In 2016, through a provision in the National Defense Authorization Act for Fiscal Year 2016, the Congress created the National Commission on Military, National, and Public Service, an independent bipartisan advisory commission tasked with evaluating the Selective Service System and recommending whether women should be required to register with the Selective Service, or potentially do away with the Selective Service System to avoid the gender inequality issue. On January 23, 2019, the Commission released an interim report outlining the various options. On March 25, 2020, after holding various public hearings, the Commission issued its final report, recommending that as long as the Selective Service System exists, both men and women should be subject to mandatory draft registration.

==Arguments==
The National Coalition for Men argued in part: "Forcing only males to register is an aspect of socially institutionalized male disposability and helps reinforce the stereotypes that support discrimination against men in other areas such as child custody, divorce, criminal sentencing, paternity fraud, education, public benefits, domestic violence services, due process rights, genital autonomy, and more." Opponents of the status quo also argued that current conscription laws violate the Equal Protection Clause of the Fourteenth Amendment to the United States Constitution via reverse incorporation because the law treats men and women differently.

==Ruling==
On February 22, 2019, Judge Gray H. Miller issued a declaratory judgment that the male-only registration requirement of the MSSA violates the Due Process Clause of the Fourteenth Amendment to the United States Constitution, since the restrictions on women serving in combat roles in the military, which were present at the time of the decision in Rostker, no longer applied and men and women are, therefore, similarly situated for purposes of a draft or registration for a draft.

==Appeal==
The ruling was appealed to the United States Court of Appeals for the Fifth Circuit. The Eagle Forum filed an amicus curiae brief supporting continued registration of men for the draft, opposing requiring women to register, and asking the Court of Appeals to overturn the District Court decision. A coalition including the American Civil Liberties Union Foundation of Texas, American Civil Liberties Union, 9to5 National Association of Working Women, A Better Balance, Gender Justice, KWH Law Center for Social Justice and Change, National Organization for Women Foundation, National Women’s Law Center, Women’s Law Center of Maryland, and Women’s Law Project filed an amicus curiae brief arguing that the Court of Appeals should uphold the District Court finding that the current Military Selective Service Act is unconstitutional. Oral arguments on the appeal were held March 3, 2020, before a 3-judge panel of the 5th Circuit Court of Appeals at Tulane Law School in New Orleans. A decision by the panel was issued on August 13, 2020, reversing the District Court judgment on the grounds that it amounted to overturning the Supreme Court's precedent from Rostker, which only the Supreme Court has the authority to do.

==Supreme Court==
Harry Crouch, President of the National Coalition for Men, announced that NCFM was "exploring its options, including filing a Petition for Writ of Certiorari with the United States Supreme Court". On January 8, 2021, NCFM, represented by the ACLU and cooperating counsel from Hogan Lovells, filed a petition for certiorari with the U.S. Supreme Court, asking the Supreme Court to review the decision of the 5th Circuit Court of Appeals. The case was docketed in the Supreme Court as case No. 20-928.

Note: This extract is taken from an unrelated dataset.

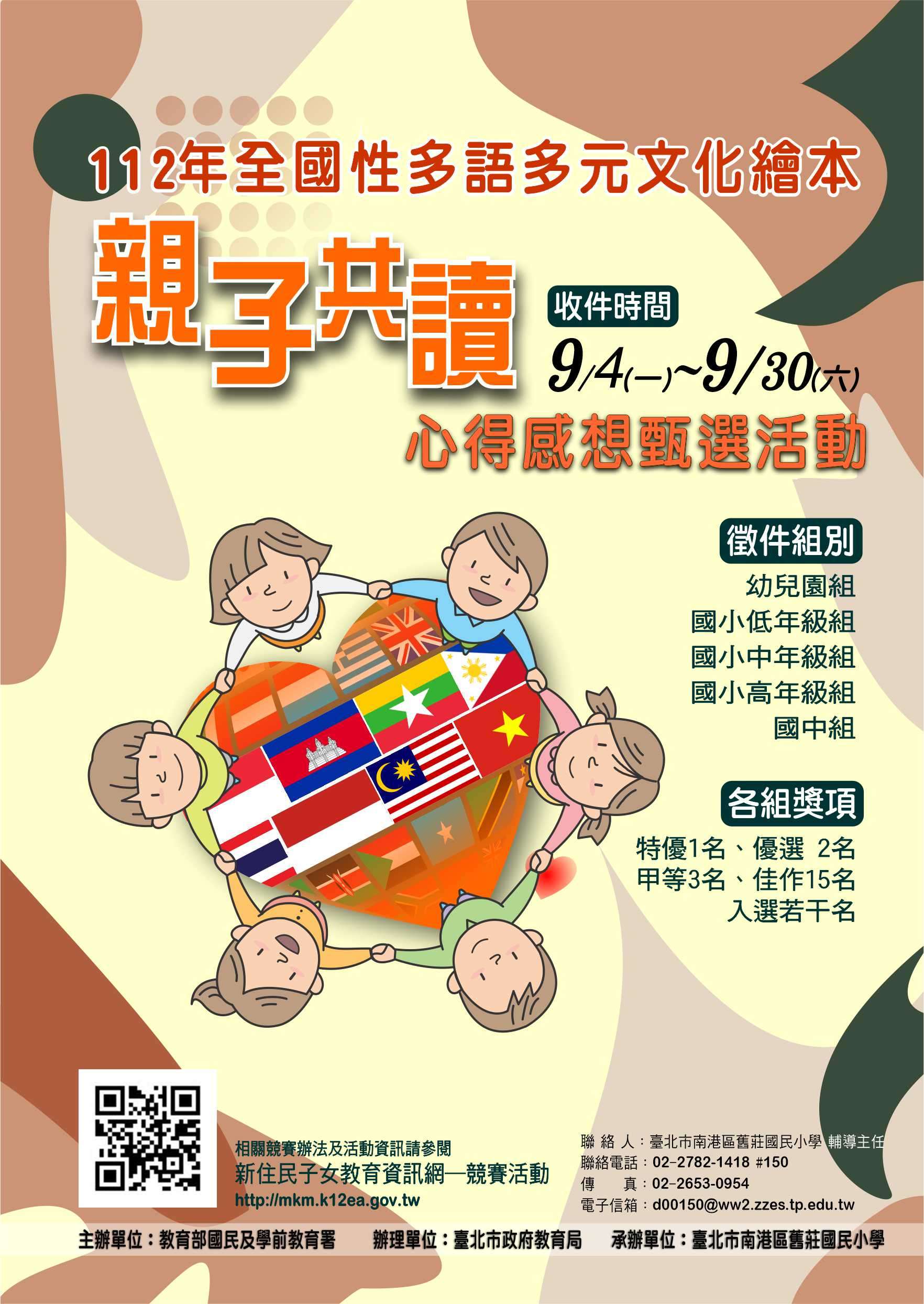 1、徵件主題:多元文化繪本或相關書籍親子共讀心得感 想。
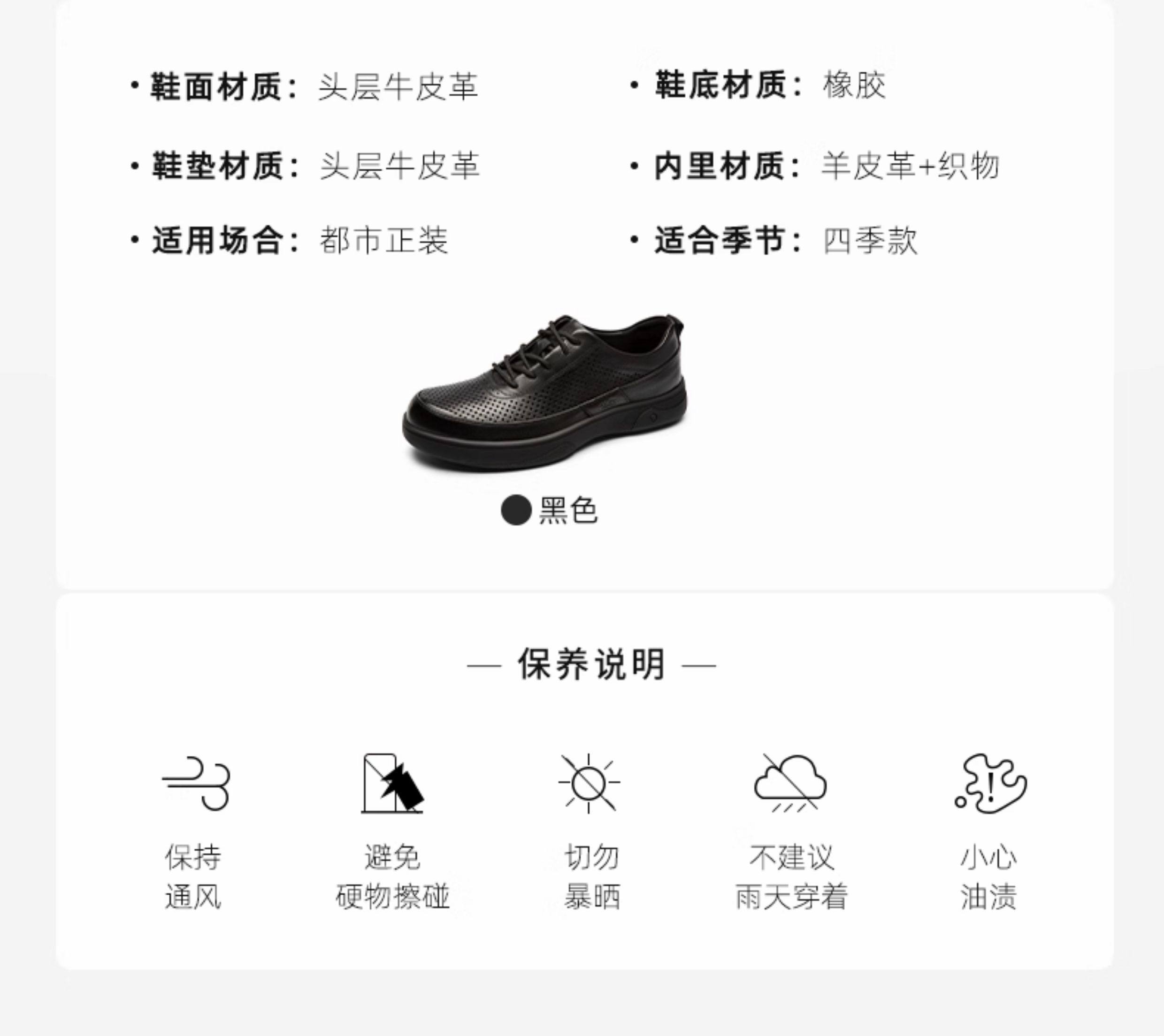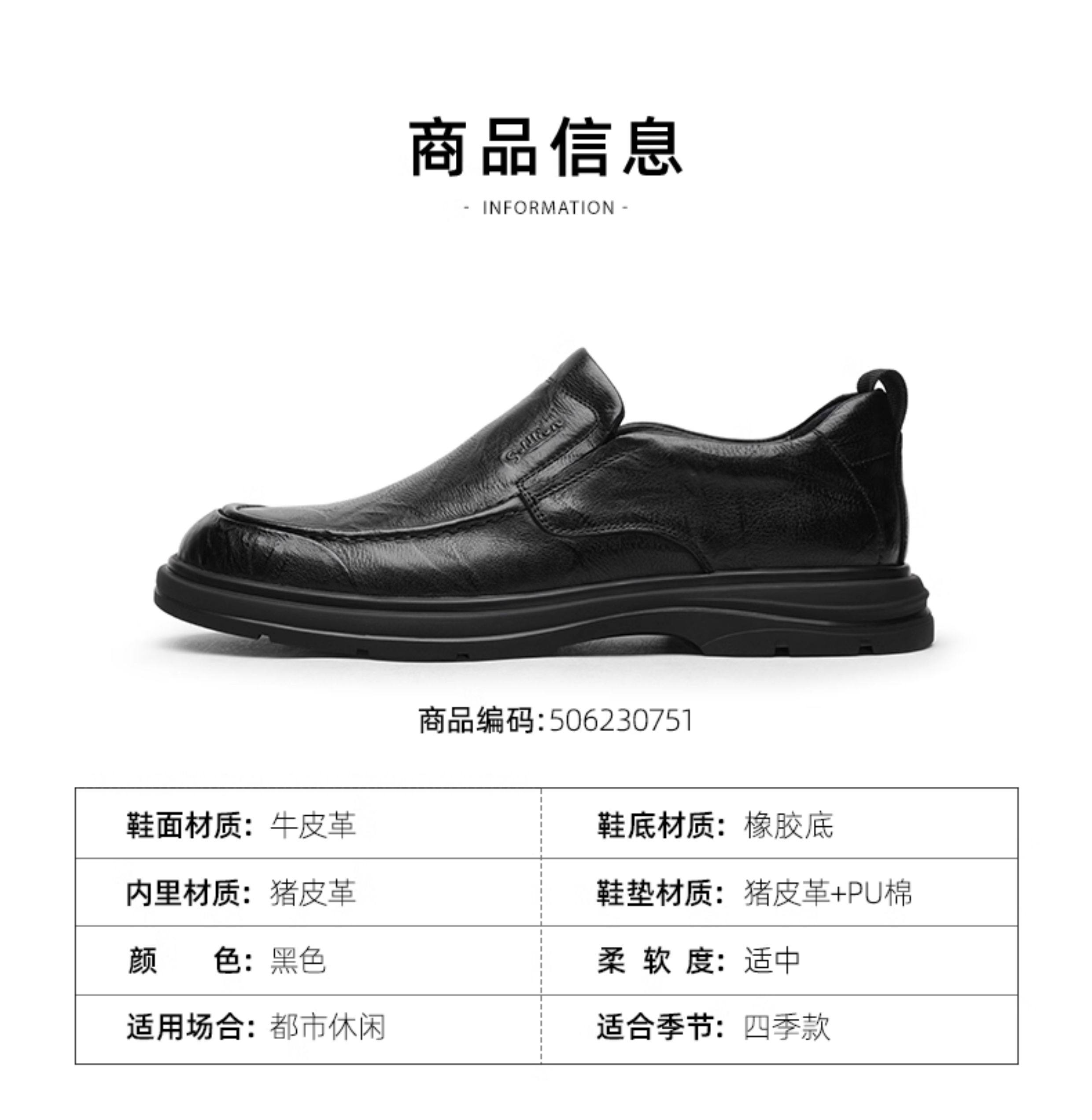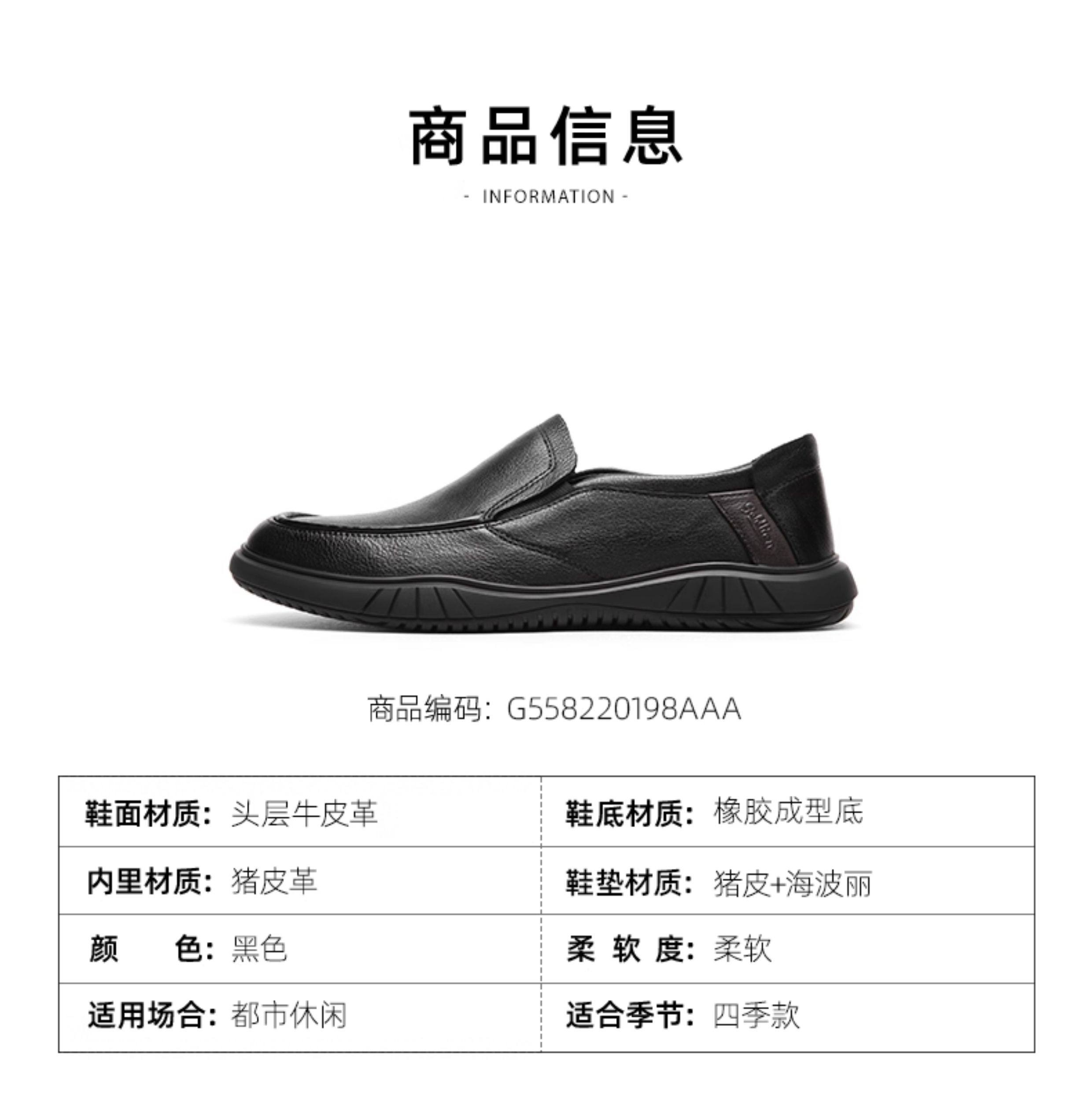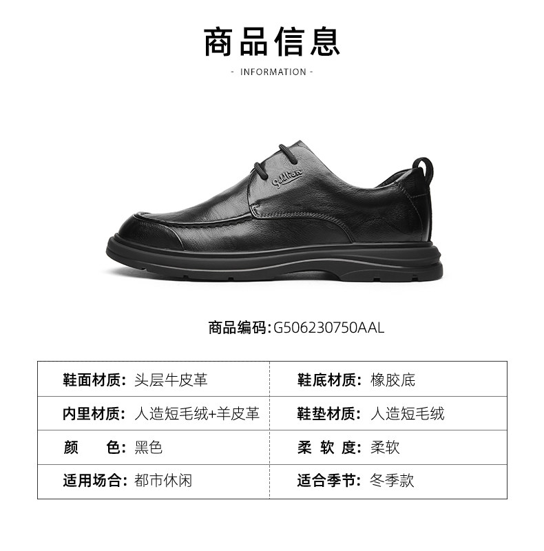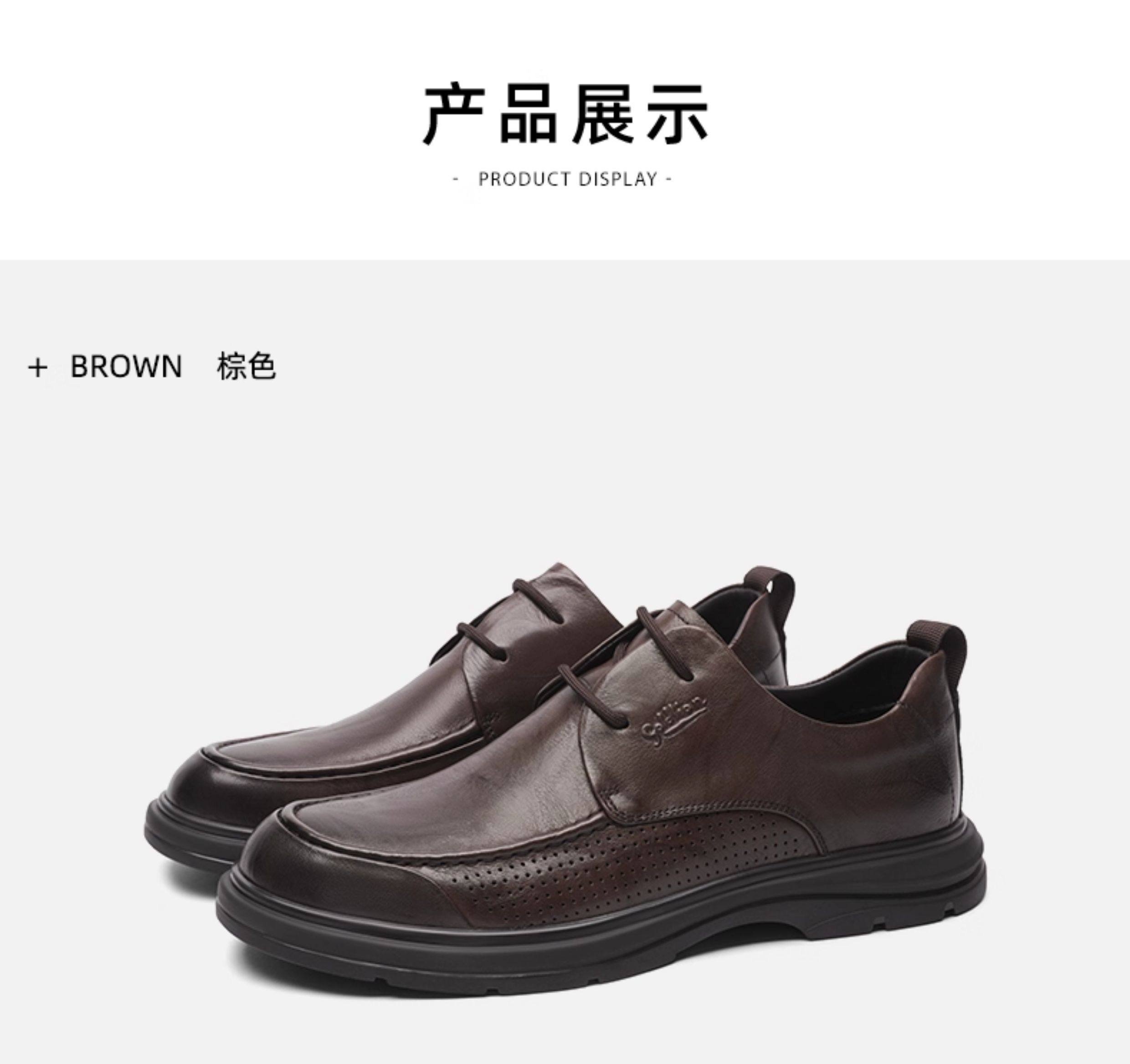Goldlion Men's Genuine Leather Shoes, New Spring and Autumn Models, Comfortable Formal Business Casual Shoes, Round-Toe British Style Shoes

The Supreme Court declined to review the case in June 2021. In an opinion on supporting the denial, Justice Sonia Sotomayor, joined by Justices Stephen Breyer and Brett Kavanaugh, stated that while there was a constitutional argument about discrimination on sex on the current draft, they agreed to decline because Congress was actively evaluating removing the male-only requirement of the draft through the 2016 Commission, and that "the Court's longstanding deference to Congress on matters of national defense and military affairs cautions against granting review while Congress actively weighs the issue".